Mas, concentrando-nos no poder político local que está investido nos municípios portugueses – há autarcas em funções há mais de um quarto de século e forças políticas que nunca saíram do poder desde as eleições democráticas  –, é certo que até 2013 [ano das próximas autárquica] vão ser anos que porá à prova a capacidade de gestão dos autarcas portugueses, que se tem pautado por uma enorme falta de sensatez financeira.
No país em que continua a haver partidos políticos a pagar as quotas dos militantes para captar os seus votos, os vícios transferem-se para os corredores das autarquias e gere-se a “coisa pública” ao sabor do voto.

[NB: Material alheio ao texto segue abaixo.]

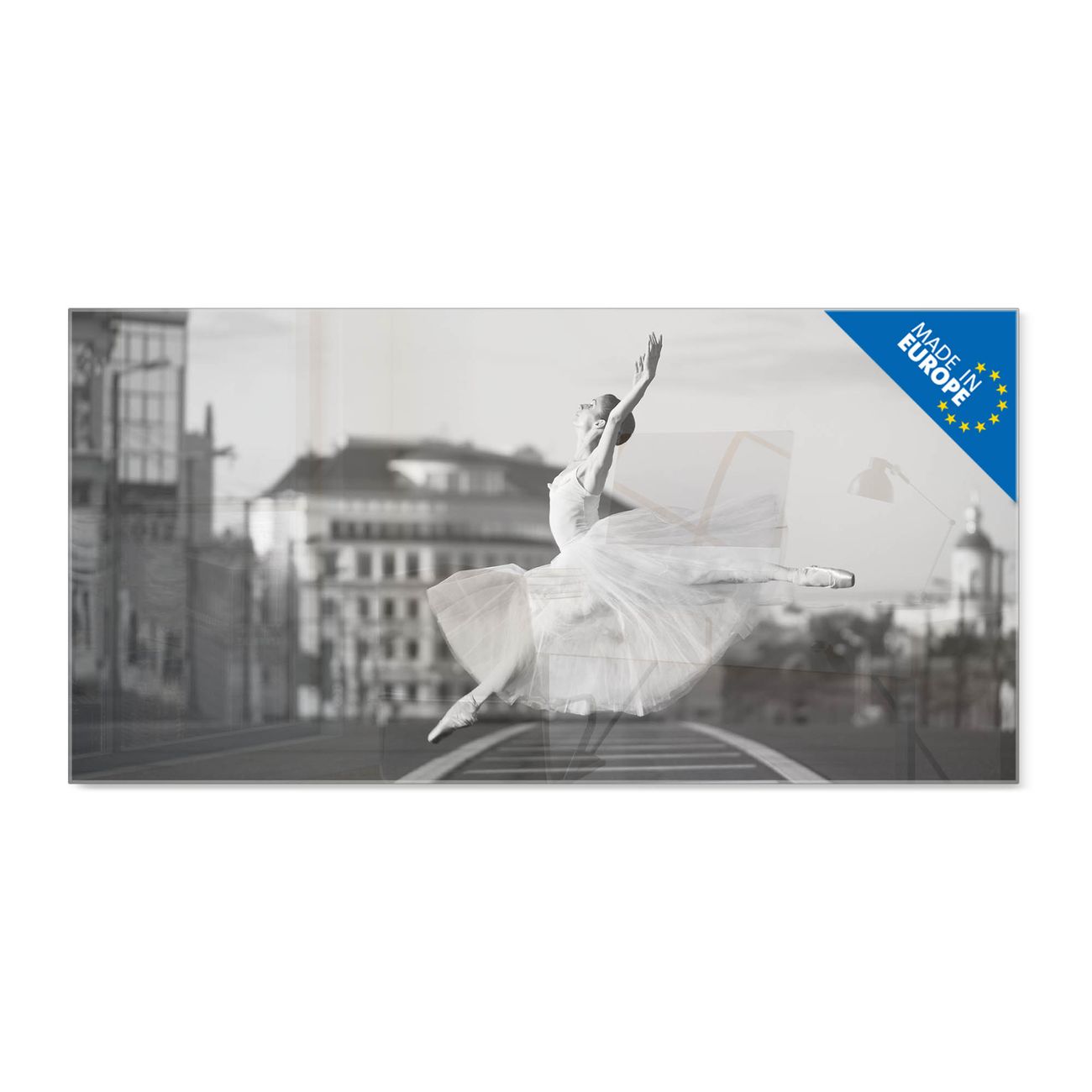 Material: 4mm Sicherheitsglas mit Metallrückwand Eigenschaften: beschreibbar, magnetisch, kratzfest Maße: 100x50x0,6cm, 7,50kg schwer Motiv Nummer 12809 Ballerina In Moskau Zubehör: inklusive 4 Neodym-Magnete

Enquanto vários milhões de portugueses continuam a empobrecer alegremente, todos nós vemos por aí autarcas, de todas as cores políticas, a esbanjar “milhares de euros” em rotundas, nesse desporto nacional chamado fogo de artifício, em mordomias, em “gente” contratada que nem sequer ousa pensar pela sua própria cabeça, e em obras cuja relação custo/benefício não faz parte do cálculo.
Sabendo-se que com o próximo Orçamento os municípios vão sofrer grandes cortes financeiros, talvez seja esta a altura para aplicar aquele célebre ditado que diz que “a necessidade aguça o engenho”. Em Palmela, por exemplo, a autarquia já sabe que o seu orçamento é de 40 milhões, que do Estado não vai chegar um “tostão”, que as receitas dos impostos municipais está a decair a pique e há, claramente, uma retracção nos investimentos previstos. E com tudo isso só há uma coisa a fazer: começar rapidamente a reduzir a sua factura das despesas. E numa câmara onde os gastos com o pessoal são metade do seu orçamento, há que ter coragem política para intervir.
O que também é preciso é ideias e imaginação, porque as novas tecnologias – há Velhos do Restelo a não quererem entender isso – são actualmente um dos nossos principais aliados para a prática de uma gestão mais verde e com muito menos desperdícios.
Hoje, num país que gasta anualmente 150 milhões de euros em iluminação pública [Palmela, gasta quase 1 milhão] a uma empresa como a EDP, há programas de eficiência energética a que importa aderir rapidamente. No fim de um ano, poupa-se muito dinheiro. Este é só um pequeníssimo exemplo, mas como dizem os antigos “quem não poupa água e lenha, não poupa nada que tenha”.